The large-scale extratropical circulation in the Southern Hemisphere is much more zonally symmetric than that of the Northern Hemisphere, but its zonal departures, albeit highly relevant for regional impacts, have been less studied. In this study we analyse the joint variability of the zonally asymmetric springtime stratospheric and tropospheric circulation using Complex Empirical Orthogonal Functions (cEOF) to characterise planetary waves of varying amplitude and phase. The leading cEOF represents variability of a zonal wave 1 in the stratosphere that correlates slightly with the Symmetric Southern Annular Mode (S-SAM). The second cEOF (cEOF2) is an alternative representation of the Pacific-South American modes. One phase of this cEOF is also very highly correlated with the Asymmetric SAM (A-SAM) in the troposphere. Springs with an active ENSO tend to lock the cEOF2 to a specific phase, but have no consistent impact on its magnitude. Furthermore, we find indications that the location of Pacific Sea Surface Temperature anomalies affect the phase of the cEOF2. As a result, the methodology proposed in this study provides a deeper understanding of the zonally asymmetric springtime extratropical SH circulation.
The large-scale extratropical circulation in the Southern Hemisphere (SH) is much more zonally symmetric than that of the Northern Hemisphere, but departures from the zonal mean are associated with regional impacts (e.g. Hoskins and Hodges 2005). They strongly modulate weather systems and regional climate through promoting longitudinally varying meridional transport of heat, humidity, and momentum (K. E. Trenberth 1980; M. N. Raphael 2007) and could even be related to the occurrence of high-impact climate extremes (Pezza, Rashid, and Simmonds 2012).

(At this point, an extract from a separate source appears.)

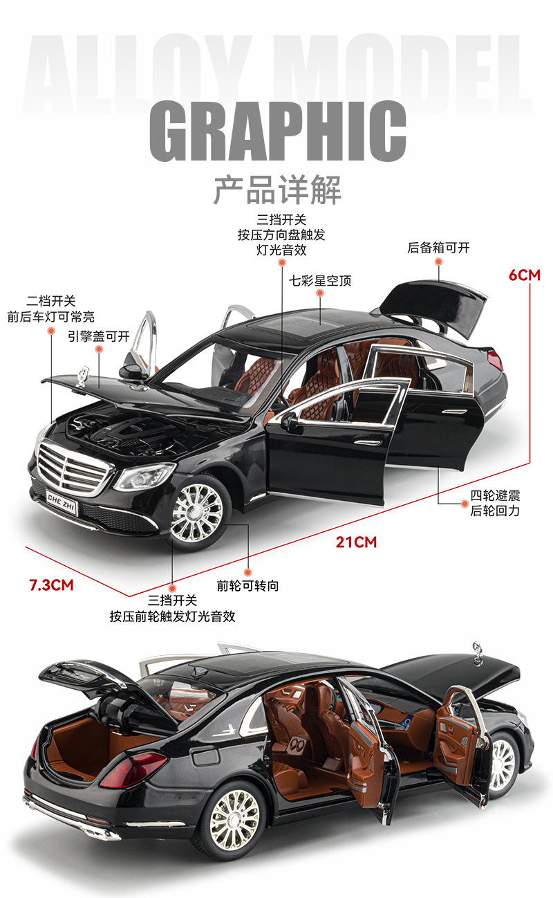 [자동차 1/24] 대형 메르세데스 e300 모델 자동차 시뮬레이션 합금 컬렉션 소년 장식품 L Maibakh A스토어 가기

The zonally asymmetric circulation is typically described by the amplitude and phase of zonal waves obtained by Fourier decomposition of geopotential height or sea-level pressure at each latitude (e.g. van Loon and Jenne 1972; K. E. Trenberth 1980; Turner et al. 2017). This approach suggests that zonal waves 1 and 3 explain almost 99% of the total variance in the annual mean 500 hPa geopotential height zonal anomalies at 50ºS (van Loon and Jenne 1972). K. F. Trenberth and Mo (1985) concluded that wave 3 plays a role in the development of blocking events. In addition, previous works have identified wave-like patterns with dominant wavenumbers 3-4 at extratropical and subpolar latitudes with distinctive regional impacts. M. N. Raphael (2007) showed that variability in the planetary wave 3 projected onto its climatological location is associated with anomalies in the Antarctic sea-ice concentration.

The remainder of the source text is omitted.